Down to the last line, set down the listing below exactly, apart from its pictures.

* **DATA**:
________________________________________

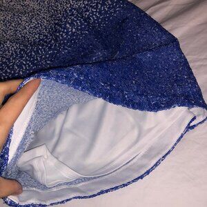 The dress is a sleeveless, white and blue ombre sequin dress. The sequins cover the entire dress, front and back, and create an ombre effect that transitions from white at the top to blue at the bottom.
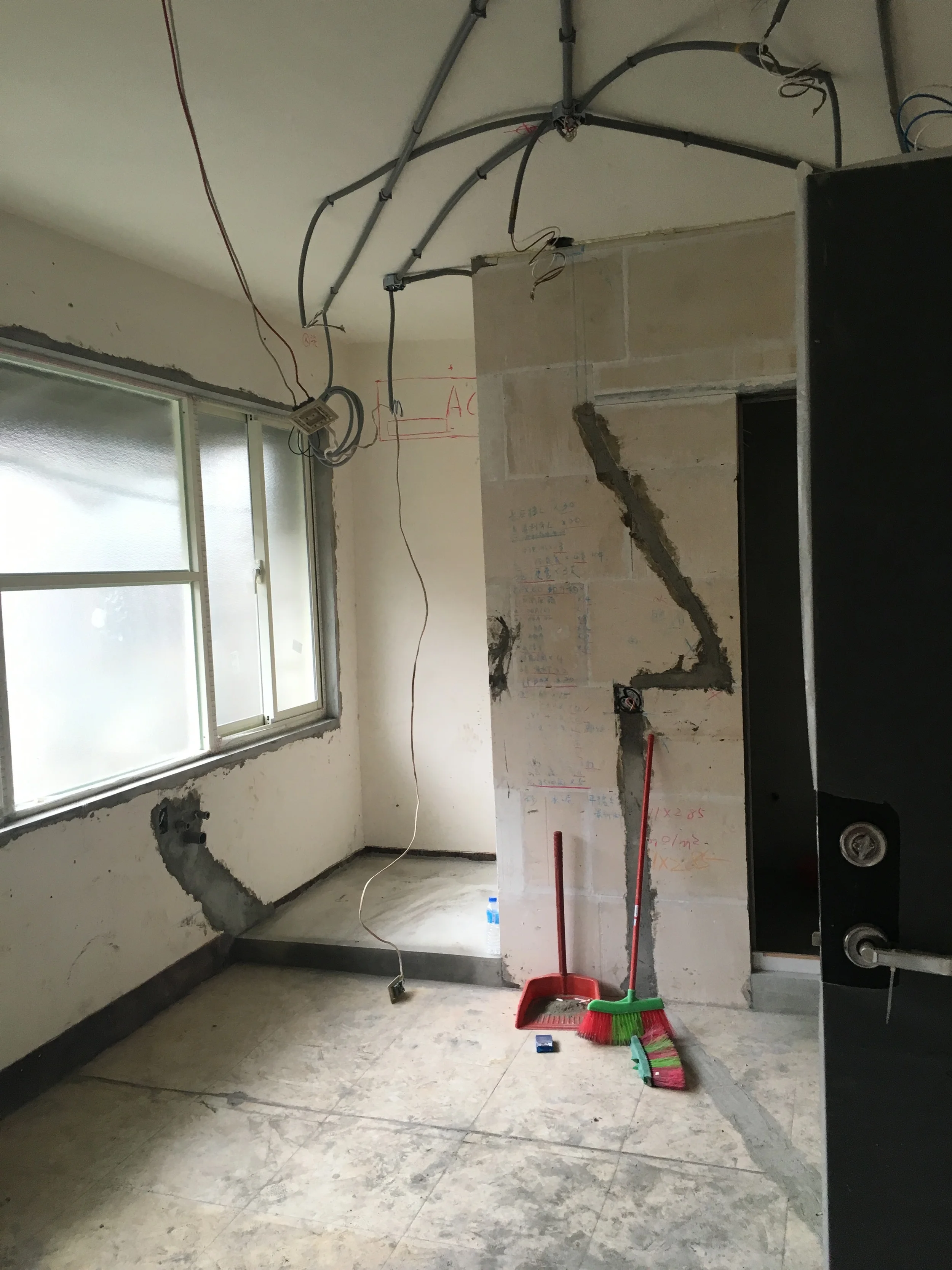 看天花板長得跟蜘蛛網一樣,就知道迴路有很多。這些準備都是為了預防未來房客入住時,電荷太高,電線走火的問題。
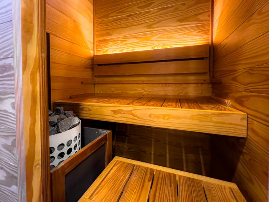 Vanwaves開発・国産製造の電気サウナストーブ「IRORI」と、木製箱型サウナIRORIプレミアム「NUBO」を実機設置。サーモウッドパイン材の本格サウナ室で、着衣のままセルフロウリュをお試しいただけます。
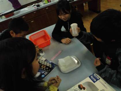 理科「もののとけ方」の学習です。「食塩が水にとけて見えなくなったら重さはどうなるの?」について実験しました。自分の考えを進んで発表する子,正しく丁寧に実験を行う子,協力して結果を確かめ合う子…様々な子どもたちのがんばり☆が見られました。
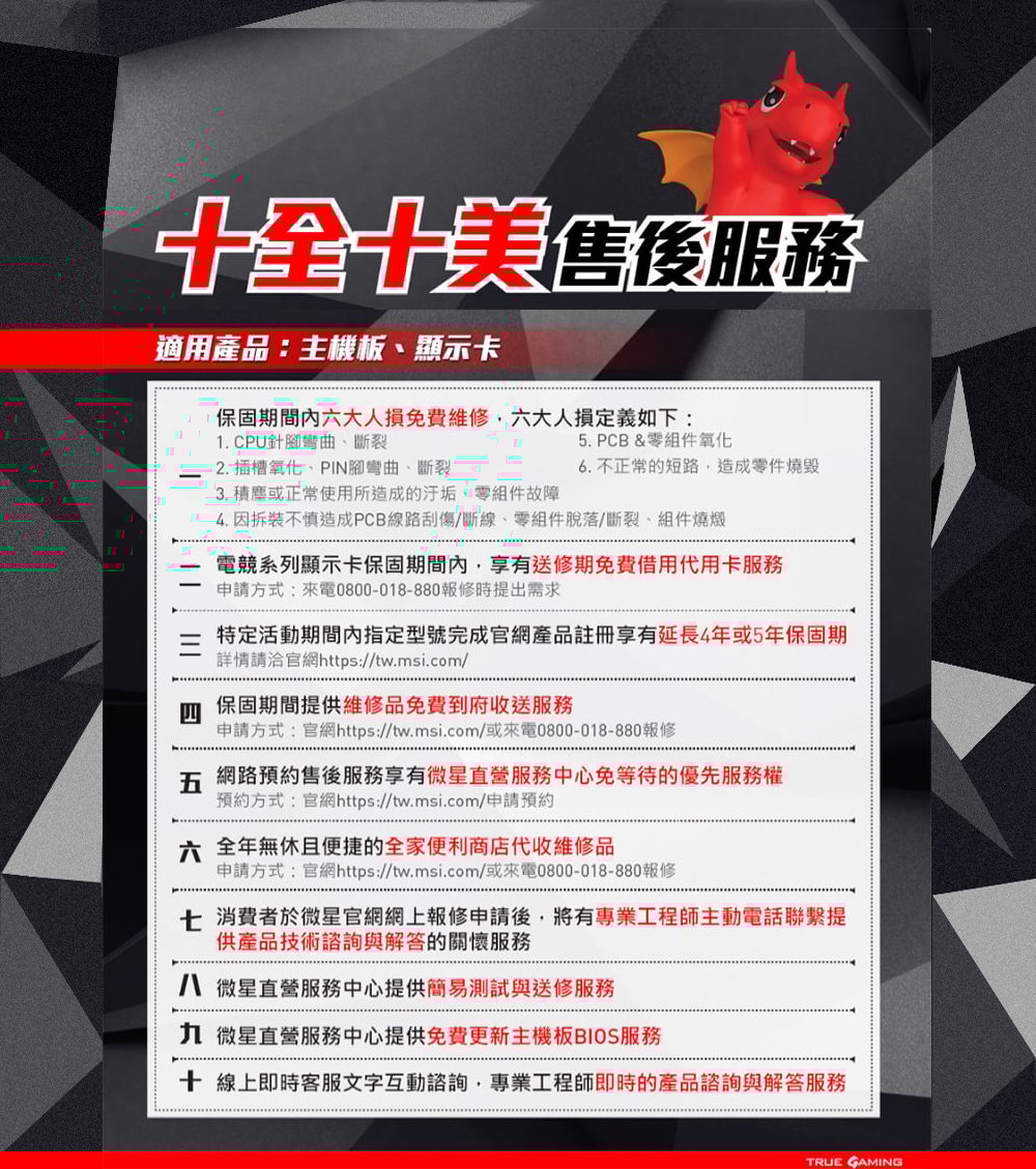 全十美售後服務適用產品:主機板顯示卡保固期間六大人損免費維修六大人損定義如下:1. CPU針腳彎曲、斷裂2. 插槽氧化、PIN腳彎曲、斷裂3. 積塵或正常使用所造成的、零組件故障5. PCB&零組件氧化6. 不正常的短路造成零件燒毀 拆裝不慎造成PCB線路刮傷/斷線、零組件脫落/斷裂、組件燒燬電競系列顯示卡保固期間,享有送修期免費借用代用卡服務申請方式:來電0800-018-880報修時提出需求特定活動期間內指定型號完成官網產品註冊享有延長4年或5年保固期詳情請洽官網https://tw.msi.com/保固期間提供維修品免費到府收送服務申請方式:官網https://tw.msi.com/或來電0800-018-880報修五 網路預約售後服務享有微星直營服務中心免等待的優先服務權預約方式:官網https://tw.msi.com/申請預約六 全年無休且便捷的全家便利商店代收維修品申請方式:官網https://tw.msi.com/或來電0800-018-880報修 消費者於微星官網網上報修申請後,將有專業工程師主動電話聯繫提供產品技術諮詢與的關懷服務 微星直營服務中心提供簡易測試與送修服務九 微星直營服務中心提供免費更新主機板BIOS服務十 線上即時客服文字互動諮詢,專業工程師即時的產品諮詢與解答服務TRUE GAMING

________________________________________

* **RESPONSE TO THIS TASK**:
 The dress is a sleeveless, white and blue ombre sequin dress. The sequins cover the entire dress, front and back, and create an ombre effect that transitions from white at the top to blue at the bottom.
 看天花板長得跟蜘蛛網一樣,就知道迴路有很多。這些準備都是為了預防未來房客入住時,電荷太高,電線走火的問題。
 Vanwaves開発・国産製造の電気サウナストーブ「IRORI」と、木製箱型サウナIRORIプレミアム「NUBO」を実機設置。サーモウッドパイン材の本格サウナ室で、着衣のままセルフロウリュをお試しいただけます。
 理科「もののとけ方」の学習です。「食塩が水にとけて見えなくなったら重さはどうなるの?」について実験しました。自分の考えを進んで発表する子,正しく丁寧に実験を行う子,協力して結果を確かめ合う子…様々な子どもたちのがんばり☆が見られました。
 全十美售後服務適用產品:主機板顯示卡保固期間六大人損免費維修六大人損定義如下:1. CPU針腳彎曲、斷裂2. 插槽氧化、PIN腳彎曲、斷裂3. 積塵或正常使用所造成的、零組件故障5. PCB&零組件氧化6. 不正常的短路造成零件燒毀 拆裝不慎造成PCB線路刮傷/斷線、零組件脫落/斷裂、組件燒燬電競系列顯示卡保固期間,享有送修期免費借用代用卡服務申請方式:來電0800-018-880報修時提出需求特定活動期間內指定型號完成官網產品註冊享有延長4年或5年保固期詳情請洽官網https://tw.msi.com/保固期間提供維修品免費到府收送服務申請方式:官網https://tw.msi.com/或來電0800-018-880報修五 網路預約售後服務享有微星直營服務中心免等待的優先服務權預約方式:官網https://tw.msi.com/申請預約六 全年無休且便捷的全家便利商店代收維修品申請方式:官網https://tw.msi.com/或來電0800-018-880報修 消費者於微星官網網上報修申請後,將有專業工程師主動電話聯繫提供產品技術諮詢與的關懷服務 微星直營服務中心提供簡易測試與送修服務九 微星直營服務中心提供免費更新主機板BIOS服務十 線上即時客服文字互動諮詢,專業工程師即時的產品諮詢與解答服務TRUE GAMING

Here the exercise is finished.